**TASK:**
In the entries that follow, find the line containing "- Initialization: Set" and the line containing "The interior blends", then copy exactly everything from the first through the second except the pictures.

**DATASET EXCERPTS:**
※

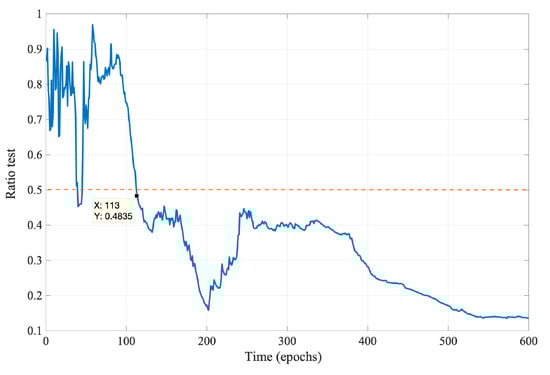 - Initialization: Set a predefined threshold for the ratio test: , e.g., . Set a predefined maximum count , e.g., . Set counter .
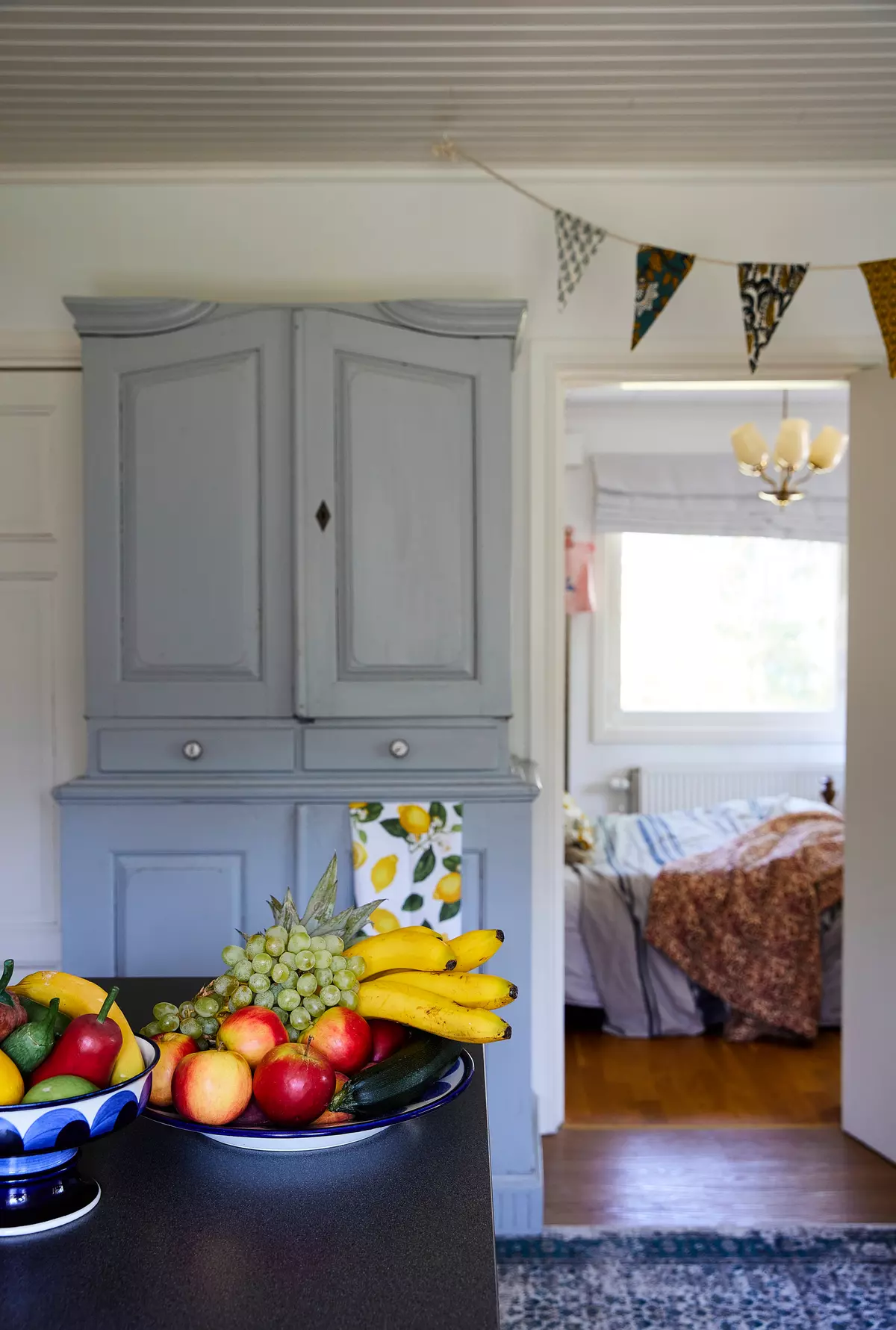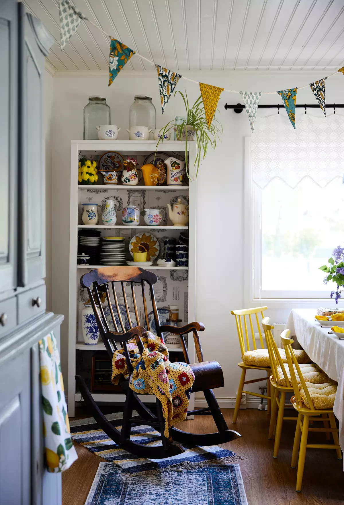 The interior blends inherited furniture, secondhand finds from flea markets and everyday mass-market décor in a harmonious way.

※

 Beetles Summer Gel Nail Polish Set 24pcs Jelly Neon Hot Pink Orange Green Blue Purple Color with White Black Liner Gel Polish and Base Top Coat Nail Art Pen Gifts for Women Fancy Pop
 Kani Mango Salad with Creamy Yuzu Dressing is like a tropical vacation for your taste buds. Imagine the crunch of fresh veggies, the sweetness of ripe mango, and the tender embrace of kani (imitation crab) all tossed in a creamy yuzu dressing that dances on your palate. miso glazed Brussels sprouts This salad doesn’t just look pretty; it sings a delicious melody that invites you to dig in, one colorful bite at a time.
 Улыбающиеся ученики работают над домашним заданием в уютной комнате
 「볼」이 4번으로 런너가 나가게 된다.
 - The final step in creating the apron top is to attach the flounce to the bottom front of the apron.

※

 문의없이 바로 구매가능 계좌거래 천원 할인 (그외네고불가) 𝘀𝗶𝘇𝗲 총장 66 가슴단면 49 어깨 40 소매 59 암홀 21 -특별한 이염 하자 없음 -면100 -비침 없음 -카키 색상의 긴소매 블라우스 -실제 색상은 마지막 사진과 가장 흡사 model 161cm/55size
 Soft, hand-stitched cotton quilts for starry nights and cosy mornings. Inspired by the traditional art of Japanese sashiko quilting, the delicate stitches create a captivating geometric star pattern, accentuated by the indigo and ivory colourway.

※

**SOLUTION TO THIS PROBLEM:**
 - Initialization: Set a predefined threshold for the ratio test: , e.g., . Set a predefined maximum count , e.g., . Set counter .
 The interior blends inherited furniture, secondhand finds from flea markets and everyday mass-market décor in a harmonious way.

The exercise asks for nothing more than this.